A little background for the beginners who may be reading. As originally formulated by Einstein the dynamical quantify of GR is the spacetime metric $$g_{\mu\nu}(x)$$. One can introduce quantities called a tetrad field $$e^{I}_{\mu}(x)$$ such that

$$e^{I}_{\mu}e^{J}_{\nu}\eta_{IJ}=g_{\mu\nu}$$

everywhere, where $$\eta_{IJ}$$ is the flat Minkowski metric. Then you rewrite all the GR equations in terms of $$e^{I}_{\mu}(x)$$.

But we have introduced extra degrees of freedom. Any two tetrad fields related by a (local?) Lorentz transformation are equivalent. Why would we want to do that?

2. Dec 29, 2008

### Mentz114

The tetrad formalism is coordinate independent, so we are free to choose one to suit a particular problem, if it helps. For instance, in setting up a freely-falling frame in the Schwarzschild geometry.

3. Dec 29, 2008

### George Jones

Staff Emeritus
It's not "instead of the metric," it's taking components of the metric tensor with respect to an orthonormal basis instead of taking components of the same metric tensor with respect to a coordinate basis. Just as the same vector has different sets of components depending on the basis used, so does the metric tensor $g$. $g_{\mu , \nu}$ usually denote the components of $g$ with respect to a coordinate basis. By definition, the components of $g$ with respect to an orthonormal basis are $\eta_{\mu \nu}$.
No, it's just a change of basis (at all events). In any vector space, including a tangent space of the spacetime manifold, there is freedom for choice of basis. Tretrads are particular linear combinations of coordinate basis vectors.
Orthonormal frames give the physical components of vectors and tensors. Even in general relativity, Lorentz transformations relate the physical components of a tensor for two different observers at the same spacetime event.
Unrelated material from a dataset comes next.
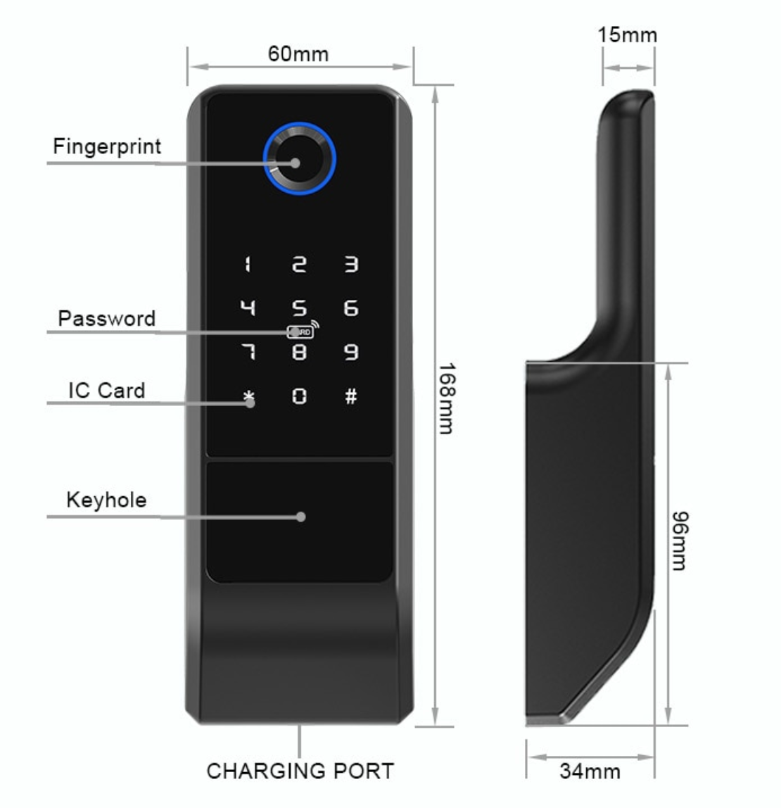 В замки c APP TTLOCK встроен Bluetooth модуль, который позволяет управлять замком на расстоянии до 10 метров. Вы сможете открывать/закрывать замок с помощью телефона через bluetooth, удалять существующие пароли, посмотреть кто, каким способом и в какое время открывал замок и видеть уровень заряда батареек, находясь рядом с замком.
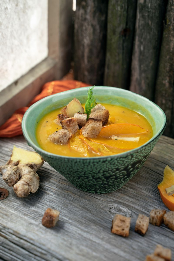 Kürbissuppe mit Croûtons und gebratenem Kürbis

In the notation $e_{\mu}^{I}$, $I$ denotes which basis vector and $\mu$ denotes the components of vector $e^I$ with respect to a basis of coordinate vectors. I prefer not to use this notation. I prefer to use $e_\mu$, with $\mu$ playing the role of $I$, i.e., each $\mu$ is a basis vector, not the components of a vector.

See

4. Dec 29, 2008

### pellman

Isn't the same true of the metric tensor? It is a tensor after all.

5. Dec 29, 2008

### Mentz114

What's your point ? We aren't free to choose any metric tensor, but given one, reformulating it in tetrads is safe because of the coordinate independence.

I'm not an expert in this. The example I mention is the only one I've seen worked out.

Last edited: Dec 29, 2008
6. Dec 29, 2008

### pellman

Fix a coordinate system (or fix one for each open set in the covering). Now you have an explicit differential equation in the components $$g_{\mu\nu}$$. We solve it and find $$g_{\mu\nu}(x)$$. I presume it is not unique; there is some gauge freedom. But we now have our family of solutions $$\{g_{\mu\nu}(x)\}$$.

Now we do the same thing expressed terms of the tetrad field. But now we find that for each specific solution $$g_{\mu\nu}(x)$$ there is a host of tetrad solutions $$e_{\mu}^{I}(x)$$, $$e'_{\mu}^{I}(x)$$, $$e''_{\mu}^{I}(x)$$, etc., such that

$$g_{\mu\nu}(x)=e_{\mu}^{I}(x)e_{\nu}^{J}(x)\eta_{IJ}=e'_{\mu}^{K}(x)e'_{\nu}^{L}(x)\eta_{KL}=...$$

The various tetrad fields are related to each by Lorentz transformations $$e'_{\mu}^{K}(x)=\Lambda^K_Ie_{\mu}^{I}(x)$$

The equivalence between these different tetrad fields for a given $$g_{\mu\nu}(x)$$ are in addition to the equivalence between two metrics which differ only by a gauge, or the equivalence between component solutions as measured from different coordinate systems (general covariance).

To take a simpler analogy, it seems to me like the following: suppose we have differential equation (real coefficients) of a single real function $$f(x)$$. But then introduce functions $$u(x)$$ and $$v(x)$$ such that $$u^2+v^2=f$$. There may be family of solutions $$\{f_i\}$$ such that (for instance) $$f_i(x)-f_j(x)=constant$$, ie, a gauge freedom. But then for each of these individual functions, there are infinitely many pairs $$(u(x),v(x))$$ subject to the condition above.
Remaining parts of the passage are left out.